- **Exercise goal**
Your copy of the data should match it exactly, leaving out only the pictures.
━━ Exercise data
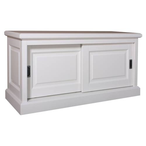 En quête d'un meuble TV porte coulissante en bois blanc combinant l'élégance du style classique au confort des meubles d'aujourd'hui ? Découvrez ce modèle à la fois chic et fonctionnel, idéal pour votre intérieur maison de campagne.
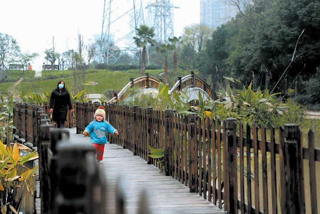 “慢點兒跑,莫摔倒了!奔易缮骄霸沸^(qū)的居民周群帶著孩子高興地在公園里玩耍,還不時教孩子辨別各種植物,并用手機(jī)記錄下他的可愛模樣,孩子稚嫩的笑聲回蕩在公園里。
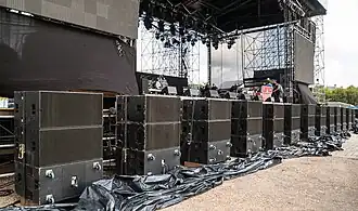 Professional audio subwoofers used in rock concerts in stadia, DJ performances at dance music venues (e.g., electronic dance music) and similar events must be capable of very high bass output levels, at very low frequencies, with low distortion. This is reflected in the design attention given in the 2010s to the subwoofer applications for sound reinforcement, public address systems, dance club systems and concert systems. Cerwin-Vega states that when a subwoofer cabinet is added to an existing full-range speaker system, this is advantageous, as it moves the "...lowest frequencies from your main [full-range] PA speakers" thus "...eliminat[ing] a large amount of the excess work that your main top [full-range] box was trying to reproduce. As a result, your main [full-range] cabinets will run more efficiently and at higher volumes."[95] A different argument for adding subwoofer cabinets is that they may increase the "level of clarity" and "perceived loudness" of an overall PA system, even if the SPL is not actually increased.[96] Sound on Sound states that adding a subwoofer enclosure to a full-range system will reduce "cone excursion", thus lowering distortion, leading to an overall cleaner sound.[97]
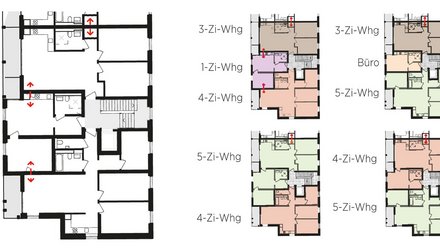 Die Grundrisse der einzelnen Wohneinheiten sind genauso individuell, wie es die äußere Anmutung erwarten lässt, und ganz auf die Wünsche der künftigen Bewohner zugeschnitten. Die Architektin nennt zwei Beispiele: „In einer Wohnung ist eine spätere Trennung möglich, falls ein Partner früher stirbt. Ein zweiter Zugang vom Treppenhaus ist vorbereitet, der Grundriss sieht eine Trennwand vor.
━━━━
- **Result of this exercise**
 En quête d'un meuble TV porte coulissante en bois blanc combinant l'élégance du style classique au confort des meubles d'aujourd'hui ? Découvrez ce modèle à la fois chic et fonctionnel, idéal pour votre intérieur maison de campagne.
 “慢點兒跑,莫摔倒了!奔易缮骄霸沸^(qū)的居民周群帶著孩子高興地在公園里玩耍,還不時教孩子辨別各種植物,并用手機(jī)記錄下他的可愛模樣,孩子稚嫩的笑聲回蕩在公園里。
 Professional audio subwoofers used in rock concerts in stadia, DJ performances at dance music venues (e.g., electronic dance music) and similar events must be capable of very high bass output levels, at very low frequencies, with low distortion. This is reflected in the design attention given in the 2010s to the subwoofer applications for sound reinforcement, public address systems, dance club systems and concert systems. Cerwin-Vega states that when a subwoofer cabinet is added to an existing full-range speaker system, this is advantageous, as it moves the "...lowest frequencies from your main [full-range] PA speakers" thus "...eliminat[ing] a large amount of the excess work that your main top [full-range] box was trying to reproduce. As a result, your main [full-range] cabinets will run more efficiently and at higher volumes."[95] A different argument for adding subwoofer cabinets is that they may increase the "level of clarity" and "perceived loudness" of an overall PA system, even if the SPL is not actually increased.[96] Sound on Sound states that adding a subwoofer enclosure to a full-range system will reduce "cone excursion", thus lowering distortion, leading to an overall cleaner sound.[97]
 Die Grundrisse der einzelnen Wohneinheiten sind genauso individuell, wie es die äußere Anmutung erwarten lässt, und ganz auf die Wünsche der künftigen Bewohner zugeschnitten. Die Architektin nennt zwei Beispiele: „In einer Wohnung ist eine spätere Trennung möglich, falls ein Partner früher stirbt. Ein zweiter Zugang vom Treppenhaus ist vorbereitet, der Grundriss sieht eine Trennwand vor.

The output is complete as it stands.